Carlie took his hand and led him over to a
nearby utility building where they could stand under the shade of the overhang away
from the prying eyes of others. Shane’s radio crackled and he reached down to
pull it off his belt without taking his gaze off of Carlie. She leaned in
towards him and whispered in his ear, “If that’s Duncan, tell him you’re busy.”

He tilted his chin up and cracked a
partial smile. “Listen to you—what happened to Ms. Punctuality? You know, now
that you’re a little wood nymph you ought to let your hair grow out so you can
put it in pigtails.”

She shoved him back against the wall as he
laughed and put the radio up to his mouth.

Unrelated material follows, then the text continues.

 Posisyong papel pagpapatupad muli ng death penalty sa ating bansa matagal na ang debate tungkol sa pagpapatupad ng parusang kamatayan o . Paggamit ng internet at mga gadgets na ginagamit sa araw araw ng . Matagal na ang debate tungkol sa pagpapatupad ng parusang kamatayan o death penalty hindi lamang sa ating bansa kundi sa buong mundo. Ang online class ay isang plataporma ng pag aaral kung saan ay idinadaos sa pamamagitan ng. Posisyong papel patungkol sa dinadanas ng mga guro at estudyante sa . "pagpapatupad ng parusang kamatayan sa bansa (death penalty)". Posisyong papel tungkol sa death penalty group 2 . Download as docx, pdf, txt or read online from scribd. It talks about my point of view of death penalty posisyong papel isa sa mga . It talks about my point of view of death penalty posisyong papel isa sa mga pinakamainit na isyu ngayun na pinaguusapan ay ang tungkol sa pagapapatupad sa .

They both heard Duncan’s voice come over
the speaker. “I need all team leaders to report to the briefing room in A-Wing.
And if you get a hold of Carlie, inform her of the same. I can’t reach her.”

“Copy that—on my way.”

He returned the radio to his belt while
she slid her hands around Shane’s waist, pulling him in close while they
embraced. “You’ve got a hold of me alright and you better not let go.” She
leaned the hoe against the wall and wrapped both her arms around his neck,
kissing him deeply. Carlie’s heart was racing and she wanted to pull him into
the storage room in the corner. Shane responded with several faint kisses and
then paused to look at her. He brushed her hair back off her ear and then
sighed while resuming his hug. She stood still, trying to read his body
language, unsure what was holding back his interest.

She heard someone clearing their throat
and turned slightly to her right to see Matias standing a few feet away. Carlie
pulled back, biting her lower lip in surprise.

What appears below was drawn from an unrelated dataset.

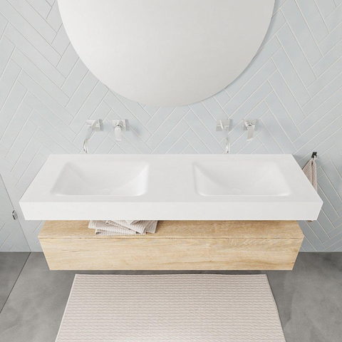 MONDIAZ ALAN 150cm - meuble bas - chêne lavé - 1 tiroir - lavabo suspendu - 2 bassins - 0 trous de robinetterie - talc

“Yeah, uhm, pardon the interruption but
Duncan is looking for you,” Matias said while putting his hands behind his back
and shooting his glance up at the eaves of the building then turning to walk
away. “Don’t you two see enough of each other in that little ten-by-twelve room
you share?” He shook his head while muttering sarcastically, “Now I’m gonna be
stuck with this image of my two best friends acting like schoolkids under the
bleachers.”

Carlie and Shane pulled back from each
other with chuckles and then trotted up alongside Matias who was heading across
the airfield towards A-Wing.

“So what’s on today’s agenda with Duncan,”
said Carlie.

“I don’t have all the details. But what I
can tell you is that the good news is that Pavel’s human trials are complete,”
said Matias. “The bad news is that we need to obtain a serum replication device
because the one we had suffered a meltdown from incompatible software.”

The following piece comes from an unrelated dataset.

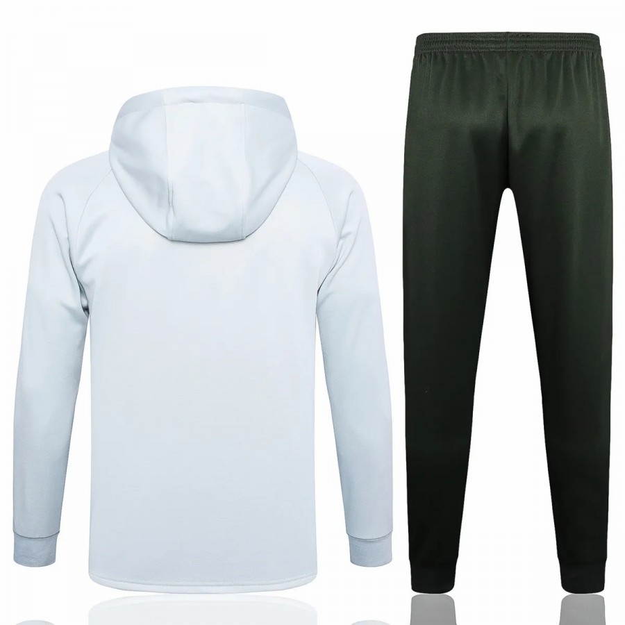 FC Barcelona, authentic hooded training presentation bench tracksuit designed by Nike for 2023/2024 international soccer season in spanish La liga and UEFA Champions League. This beautiful, modern-looking bench set will be worn by coach Xavi, players and staff before and during their matches at Camp Nou. It features dark beige hooded jacket and matching dark olive green pants, both with the iconic swoosh and FCB crest. Perfect choice for your leisure and sports time: show your support for Barça!

“Great—where do we find another one of
those? I thought we had obtained the only one left in the country,” said Carlie
as they walked into A-Wing and up the stairs towards the briefing room.

Matias gave a sideways glance to them
both. “That’s right—and the only other place Duncan knows where we can find another
device is...” His last word was overlaid by Shane’s voice.

“Japan,” Shane said as he shrugged his
shoulders, looking at Carlie. “That’s what I have been meaning to talk about
with you.”

She rolled her eyes as her lips formed a
smirk. Just before the entrance to the room where Duncan and the other team
leaders were assembled she stopped and yanked on his shirt sleeve. “No—don’t
tell me—you didn’t, did you? Tell me you didn’t volunteer to do a mission
without discussing things with me first.”

Shane tried to force out a partial smile
from his clenched jaw and then put his hand on top of hers. “Hear this out then
we can talk it over when we’re done,” he said, motioning for her to follow him
inside as she felt her stomach begin to coil in knots.